Stored records
---

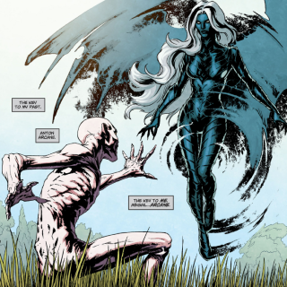 When Tefe Holland was captured and brought to Hell, Arcane attempted to use her powers to create a window to reach Earth, but in his greed he allowed her to escape. Later Arcane did indeed abscond from Hell and possess Tefe, subsequently raising an army of the dead to wage war on Swamp Thing. Despite being foiled by the Agony and the Ecstasy, emissaries from Hell, Arcane continued his relentless pursuit of revenge, possessing the corpse of General Sunderland, kidnapping Abby and using her to blackmail Tefe into growing him another body. Just as it seemed Arcane had finally won, however, the Agony and the Ecstasy caught Arcane and returned him to Hell.
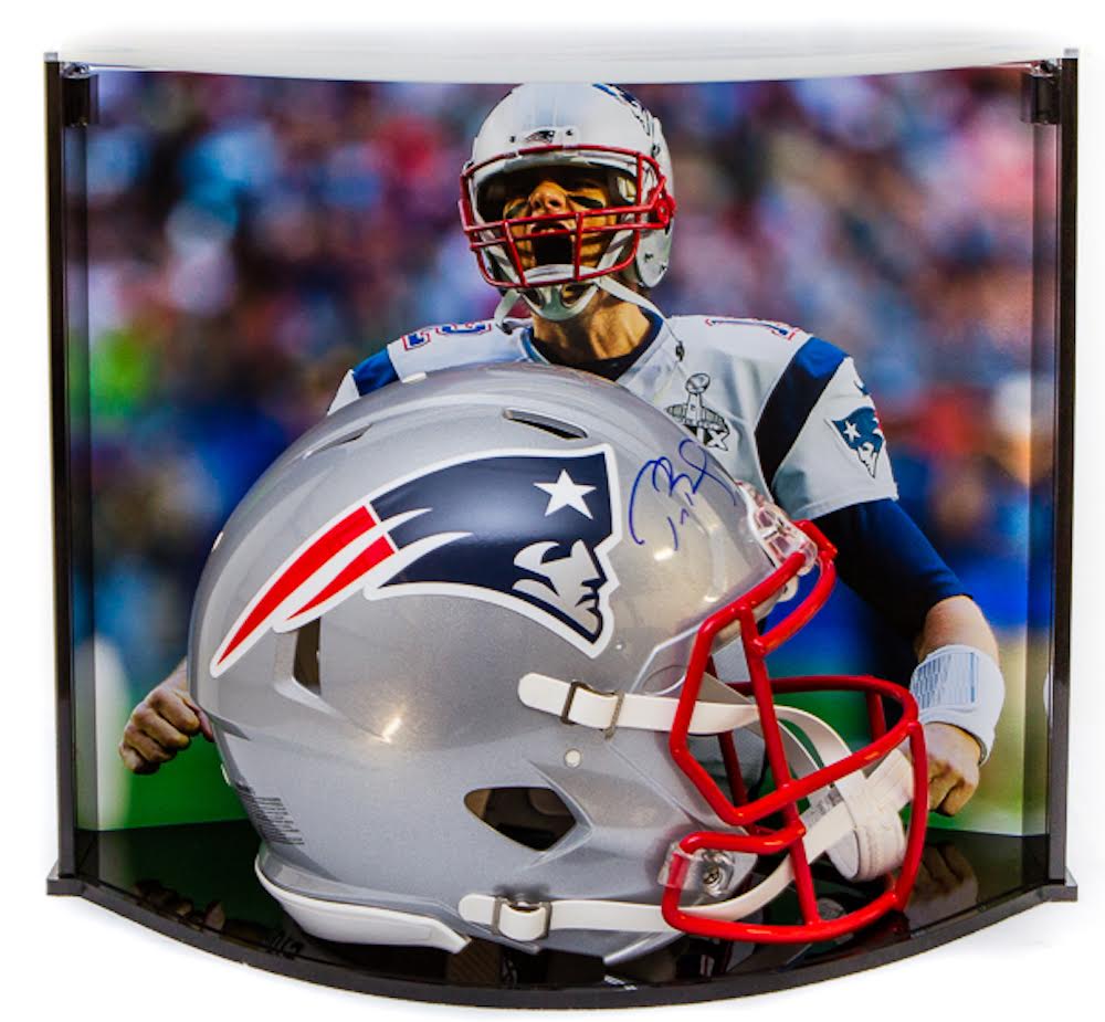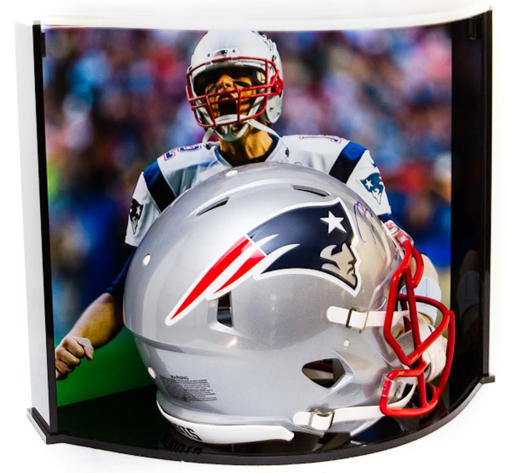 Game Day Legends is proud to bring to you ’The Curve' display case. This unique memorabilia display case will enhance anyone's personal collectibles showroom. With a dynamic appearance thanks to its sleek curved design, this case beautifully highlights your autographed item. Within the curve display is a custom 16 x 20 action photograph. Due to the curved nature of this display, the image is visible from all angles of the display case and perfectly accentuates the signed helmet making this the ultimate collectible and the safest way to display your collectible. You must see this to believe just how beautiful it is.
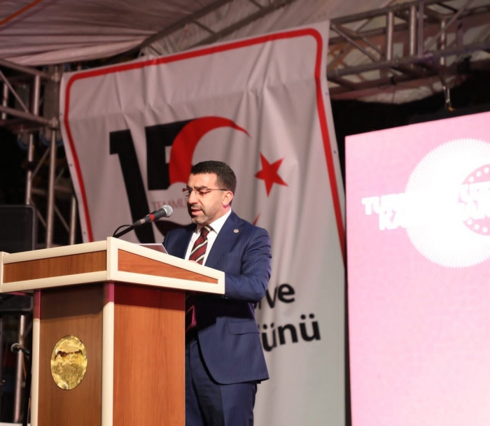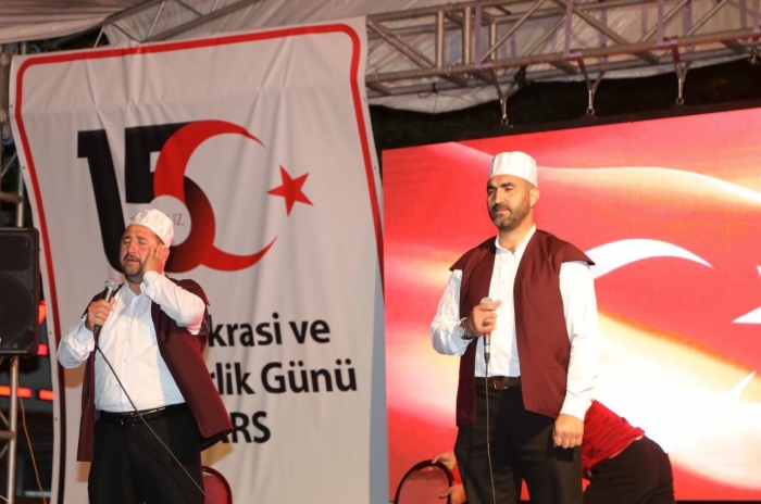 Kars’ta 15 Temmuz hain darbe girişimin 7’nci yıl dönümünde yüzlerce Karslı bayraklarla demokrasi meydanını koştu.Kars Kalesi Bedesten Bölgesi’nde araç kortejinin ardından kortej yürüyüşüyle başlayan etkinlikte ellerinde bayraklarla yürüyen yüzlerce vatandaş demokrasi meydanında düzenlenen programa katıldı.15 Temmuz Milli Birlik ve Demokrasi Günü etkinlikleri saygı duruşu ve İstiklal Marşı’nın okunmasıyla başladı. Kur'an-ı Kerim tilavetinin ardından kalabalığa seslenen AK Parti Kars Milletvekili Adem Çalkın, “15 Temmuz 2016 günü darbe girişimiyle karşı karşıya kalan ülkemiz, milleti ve devletiyle omuz omuza verdiği direniş mücadelesiyle tüm dünyaya örnek teşkil etmiştir. Türk demokrasisini hedef alan bu hain girişim aziz milletimizin demokrasiyi ve seçilmiş iradeyi korumak için gösterdiği destansı direnişle geri püskürtülmüştür” dedi.Kars Valisi/Belediye Başkan Vekili Türker Öksüz ise, “Bu aziz topraklardaki bin yıllık varlığımıza karşı 15 Temmuz 2016 gecesi yaşanan hain darbe girişimi, Cumhurbaşkanımız Recep Tayyip Erdoğan'ın liderliğinde, aziz milletimizin onurlu direnişi ile bozguna uğratılmıştır. Milletimiz dünyada eşi görülmemiş bir cesaret ile tek millet, tek bayrak, tek vatan, tek devlet şiarıyla Fetullahçı Terör Örgütüne karşı büyük bir demokrasi zaferine imza atmış ve Türkiye'nin gücünü dünyaya bir kez daha göstermiştir. Fetullahçı Terör Örgütü tarafından 15 Temmuz 2016 günü kalkışılan hain darbe girişiminde tarihin her döneminde olduğu gibi tarafını devletinden, milletinden, demokrasiden yana seçen, tarihi kahramanlıklarla dolu siz aziz Karslı hemşehrilerimi en kalbi duygularımla selamlıyorum” diye konuştu.Konuşmaların ardından aşıklar şiirler okudu, 15 Temmuz sinevizyon gösterisi ile devam eden etkinlikler gece demokrasi nöbetiyle son bulacak.Düzenlenen etkinliklere, Vali ve Belediye Başkan Vekili Türker Öksüz, 14’üncü Mekanize Piyade Tugay Komutanı Tuğgeneral Hakan Tunç, AK Parti Kars Milletvekili Adem Çalkın, Cumhuriyet Başsavcısı Abdullah Amanvermez, daire amirleri, siyasi parti ve sivil toplum kuruluşları temsilcileri, şehit ve gazi yakınları, askeri erkan ve vatandaşlar katıldı.
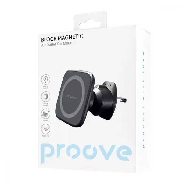 Proove Block Magnetic - магнітний автомобільний тримач для телефона забезпечує максимальну стійкість вашого смартфона під час поїздок. Його конструкція і просте кріплення дозволяють швидко та надійно встановити телефон, не турбуючись про його безпеку.
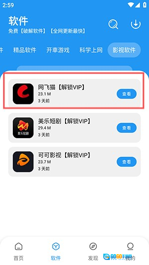 2、随后随意挑选一款你所需的应用,在此以“网飞猫”作为示例。
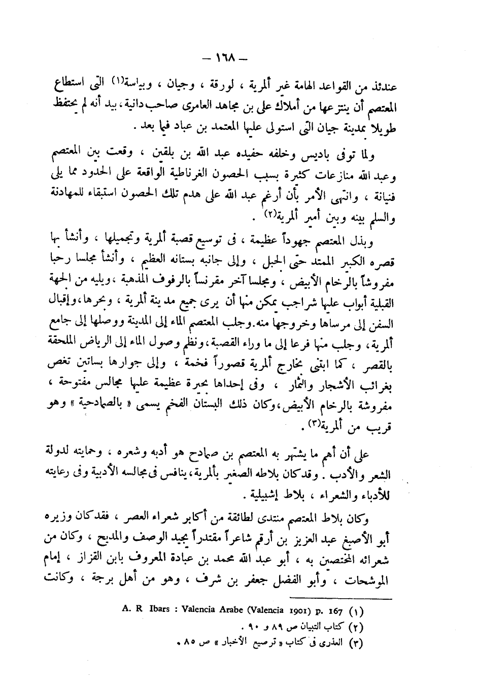 عندئذ من القواعد الهامة غير ألمرية، لورقة، وجيان، وبياسة (¬1) التي استطاع المعتصم أن ينتزعها من أملاك علي بن مجاهد العامري صاحب دانية، بيد أنه لم يحتفظ طويلا بمدينة جيان التي استولى عليها المعتمد بن عباد فيما بعد.

---

● **Work instructions**:
Could the data be reproduced exactly, with the pictures omitted?

● **Your response**:
 When Tefe Holland was captured and brought to Hell, Arcane attempted to use her powers to create a window to reach Earth, but in his greed he allowed her to escape. Later Arcane did indeed abscond from Hell and possess Tefe, subsequently raising an army of the dead to wage war on Swamp Thing. Despite being foiled by the Agony and the Ecstasy, emissaries from Hell, Arcane continued his relentless pursuit of revenge, possessing the corpse of General Sunderland, kidnapping Abby and using her to blackmail Tefe into growing him another body. Just as it seemed Arcane had finally won, however, the Agony and the Ecstasy caught Arcane and returned him to Hell.
 Game Day Legends is proud to bring to you ’The Curve' display case. This unique memorabilia display case will enhance anyone's personal collectibles showroom. With a dynamic appearance thanks to its sleek curved design, this case beautifully highlights your autographed item. Within the curve display is a custom 16 x 20 action photograph. Due to the curved nature of this display, the image is visible from all angles of the display case and perfectly accentuates the signed helmet making this the ultimate collectible and the safest way to display your collectible. You must see this to believe just how beautiful it is.
 Kars’ta 15 Temmuz hain darbe girişimin 7’nci yıl dönümünde yüzlerce Karslı bayraklarla demokrasi meydanını koştu.Kars Kalesi Bedesten Bölgesi’nde araç kortejinin ardından kortej yürüyüşüyle başlayan etkinlikte ellerinde bayraklarla yürüyen yüzlerce vatandaş demokrasi meydanında düzenlenen programa katıldı.15 Temmuz Milli Birlik ve Demokrasi Günü etkinlikleri saygı duruşu ve İstiklal Marşı’nın okunmasıyla başladı. Kur'an-ı Kerim tilavetinin ardından kalabalığa seslenen AK Parti Kars Milletvekili Adem Çalkın, “15 Temmuz 2016 günü darbe girişimiyle karşı karşıya kalan ülkemiz, milleti ve devletiyle omuz omuza verdiği direniş mücadelesiyle tüm dünyaya örnek teşkil etmiştir. Türk demokrasisini hedef alan bu hain girişim aziz milletimizin demokrasiyi ve seçilmiş iradeyi korumak için gösterdiği destansı direnişle geri püskürtülmüştür” dedi.Kars Valisi/Belediye Başkan Vekili Türker Öksüz ise, “Bu aziz topraklardaki bin yıllık varlığımıza karşı 15 Temmuz 2016 gecesi yaşanan hain darbe girişimi, Cumhurbaşkanımız Recep Tayyip Erdoğan'ın liderliğinde, aziz milletimizin onurlu direnişi ile bozguna uğratılmıştır. Milletimiz dünyada eşi görülmemiş bir cesaret ile tek millet, tek bayrak, tek vatan, tek devlet şiarıyla Fetullahçı Terör Örgütüne karşı büyük bir demokrasi zaferine imza atmış ve Türkiye'nin gücünü dünyaya bir kez daha göstermiştir. Fetullahçı Terör Örgütü tarafından 15 Temmuz 2016 günü kalkışılan hain darbe girişiminde tarihin her döneminde olduğu gibi tarafını devletinden, milletinden, demokrasiden yana seçen, tarihi kahramanlıklarla dolu siz aziz Karslı hemşehrilerimi en kalbi duygularımla selamlıyorum” diye konuştu.Konuşmaların ardından aşıklar şiirler okudu, 15 Temmuz sinevizyon gösterisi ile devam eden etkinlikler gece demokrasi nöbetiyle son bulacak.Düzenlenen etkinliklere, Vali ve Belediye Başkan Vekili Türker Öksüz, 14’üncü Mekanize Piyade Tugay Komutanı Tuğgeneral Hakan Tunç, AK Parti Kars Milletvekili Adem Çalkın, Cumhuriyet Başsavcısı Abdullah Amanvermez, daire amirleri, siyasi parti ve sivil toplum kuruluşları temsilcileri, şehit ve gazi yakınları, askeri erkan ve vatandaşlar katıldı.
 Proove Block Magnetic - магнітний автомобільний тримач для телефона забезпечує максимальну стійкість вашого смартфона під час поїздок. Його конструкція і просте кріплення дозволяють швидко та надійно встановити телефон, не турбуючись про його безпеку.
 2、随后随意挑选一款你所需的应用,在此以“网飞猫”作为示例。
 عندئذ من القواعد الهامة غير ألمرية، لورقة، وجيان، وبياسة (¬1) التي استطاع المعتصم أن ينتزعها من أملاك علي بن مجاهد العامري صاحب دانية، بيد أنه لم يحتفظ طويلا بمدينة جيان التي استولى عليها المعتمد بن عباد فيما بعد.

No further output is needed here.